* _EXERCISE_
Repeat nothing but the lines below running from the one containing "MUJER & MINERÍA" to the one containing "南洋理工大學化學工程理學碩士研究生offer一枚". Keep both end lines.

(DATA FOR PROCESSING Opens)

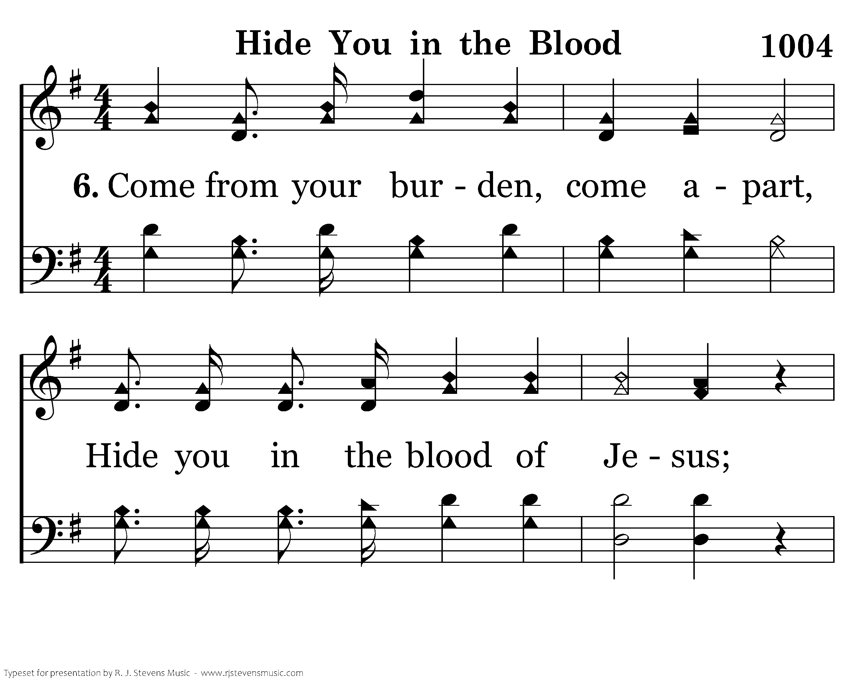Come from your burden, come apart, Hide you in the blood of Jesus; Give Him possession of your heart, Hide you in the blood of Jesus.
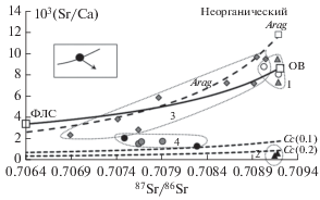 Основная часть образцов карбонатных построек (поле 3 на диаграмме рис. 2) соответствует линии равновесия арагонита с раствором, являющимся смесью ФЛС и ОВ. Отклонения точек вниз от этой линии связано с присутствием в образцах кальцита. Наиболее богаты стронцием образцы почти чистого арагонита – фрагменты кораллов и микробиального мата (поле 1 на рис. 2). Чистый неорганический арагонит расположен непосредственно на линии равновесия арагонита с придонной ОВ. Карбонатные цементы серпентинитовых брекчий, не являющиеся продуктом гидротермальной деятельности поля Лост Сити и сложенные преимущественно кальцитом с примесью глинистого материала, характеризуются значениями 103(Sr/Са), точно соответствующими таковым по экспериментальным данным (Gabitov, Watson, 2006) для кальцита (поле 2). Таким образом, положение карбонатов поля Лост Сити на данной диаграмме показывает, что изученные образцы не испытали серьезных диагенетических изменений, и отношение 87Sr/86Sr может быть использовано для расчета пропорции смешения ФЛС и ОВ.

(DATA FOR PROCESSING Closes)
(DATA FOR PROCESSING Opens)

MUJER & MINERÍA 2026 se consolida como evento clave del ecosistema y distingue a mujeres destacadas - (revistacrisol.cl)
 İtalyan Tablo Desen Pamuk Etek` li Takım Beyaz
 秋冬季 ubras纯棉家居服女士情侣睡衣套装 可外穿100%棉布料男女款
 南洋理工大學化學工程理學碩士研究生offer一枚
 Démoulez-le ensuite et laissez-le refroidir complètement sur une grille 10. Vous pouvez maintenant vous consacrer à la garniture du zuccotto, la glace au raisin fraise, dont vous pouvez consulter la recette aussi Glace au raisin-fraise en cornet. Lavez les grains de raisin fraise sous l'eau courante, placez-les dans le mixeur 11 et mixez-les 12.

(DATA FOR PROCESSING Closes)

* _TASK RESULT_
MUJER & MINERÍA 2026 se consolida como evento clave del ecosistema y distingue a mujeres destacadas - (revistacrisol.cl)
 İtalyan Tablo Desen Pamuk Etek` li Takım Beyaz
 秋冬季 ubras纯棉家居服女士情侣睡衣套装 可外穿100%棉布料男女款
 南洋理工大學化學工程理學碩士研究生offer一枚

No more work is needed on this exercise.